FtsH, a membrane-bound Zn2+ metalloprotease, which was originally identified as an hflB mutation (high-frequency lysogenization by phage λ), is highly conserved in all organisms, is the only known essential protease in Escherichia coli, and does not participate in cell division (28, 35). The name FtsH was coined before the discovery of a second mutation in the ftsI gene, in the strain carrying the temperature-sensitive ftsH mutation, that is responsible for cell filamentation (7). Following infection by bacteriophage λ, the λ CII regulatory protein, which activates transcription of the CI repressor from the pE promoter, is rapidly degraded by FtsH (18, 20, 30, 32). The λ CIII peptide extends the half-life of CII, thereby prolonging CI repressor synthesis, which in turn promotes the lysogenic pathway (4, 21).

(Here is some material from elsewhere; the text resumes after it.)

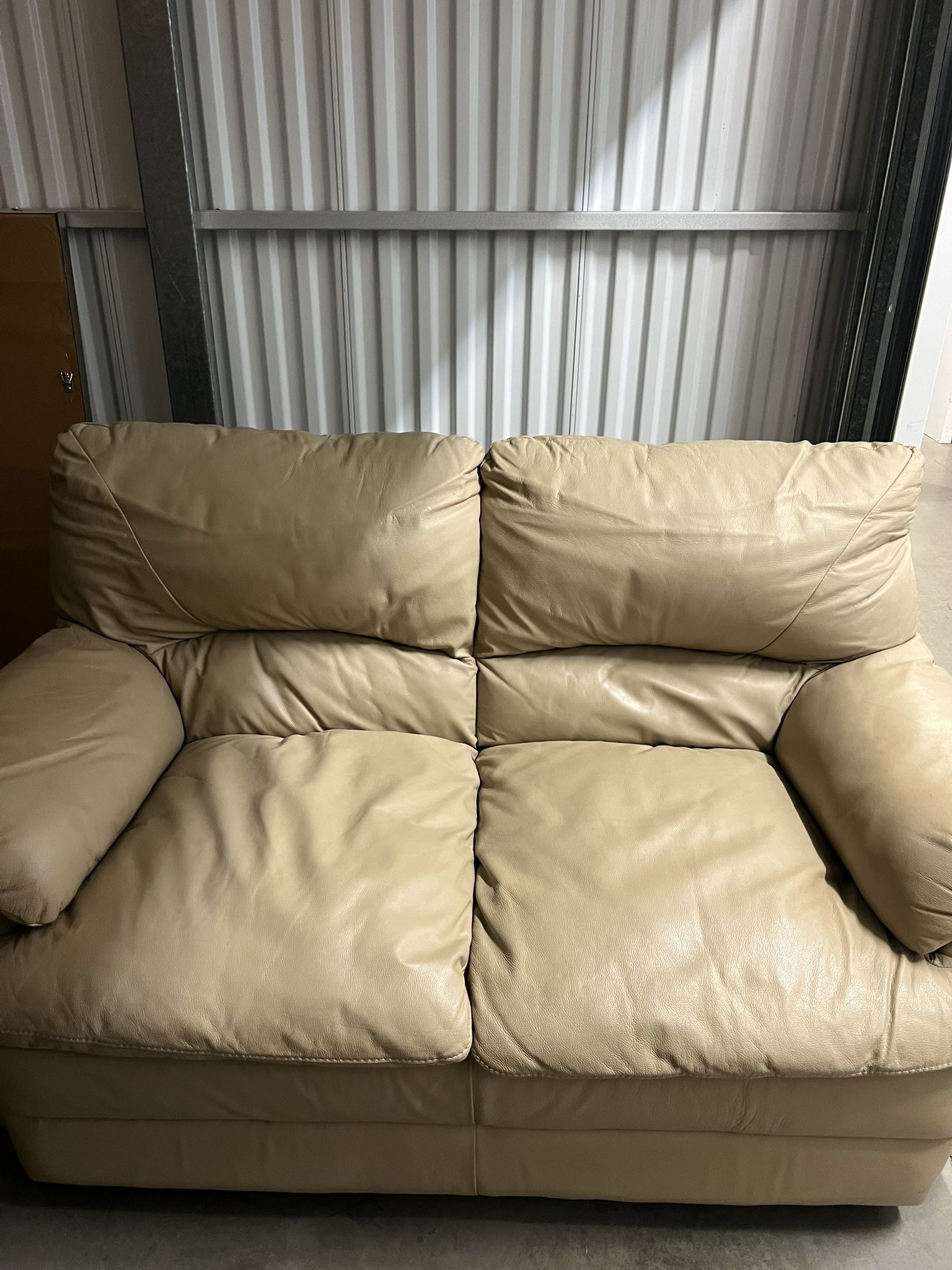 wo beautiful cream-colored real leather loveseats—ultra-soft and comfortable! Can be sold separately for $75 each or both for $125. Elegant, neutral design that fits any space. Good condition!

In higher organisms, FtsH orthologs are found in mitochondria and chloroplasts. It was suggested that in yeast mitochondria FtsH plays a key role in maintaining membrane integrity, possessing an ATP-dependent chaperone-like activity and a protease activity that degrades unassembled membrane components (5, 25). Similar roles have been suggested for FtsH in E. coli (2, 3). Recently, mutations in the gene coding for paraplegin, a human ortholog of FtsH, were demonstrated to be responsible for hereditary spastic paraplegia (9). The mutations lead to mitochondrial defects, suggesting that paraplegin is a nucleus-encoded mitochondrial protein (9, 11).
FtsH belongs to a large class of ATPase-containing proteins belonging to the AAA protein superfamily (ATPases associated with different cellular activities), which is characterized by a highly conserved domain of 230 to 250 amino acid residues that contains an ATP binding consensus and ATPase activity (8, 10). These proteins are found in all organisms and play essential roles in the cell cycle, vesicular transport in the Golgi complex, mitochondrial assembly, proteasomes, and cellular metalloproteases. The crystal structure of the N-ethylmaleimide-sensitive fusion protein (NSF) D2 hexameric AAA motif has been determined recently (24, 37).
FtsH is a highly discriminatory protease; the number of known substrates is rather small and includes the heat shock sigma factor ς32, phage λ CII, CIII, and Xis proteins, SecY, YccA, subunit a of the membrane-embedded F0 part of the H+-ATPase proteins, and SsrA tagged proteins (1, 15, 16, 20, 23, 32, 34). However, little is known about the mechanism by which these substrates are selected. It was proposed that a different process is used by FtsH to select soluble and membrane-bound substrates (19). Nothing is known about the proteolytic products generated by FtsH and the amino acid specificity of FtsH surrounding the cleavage sites.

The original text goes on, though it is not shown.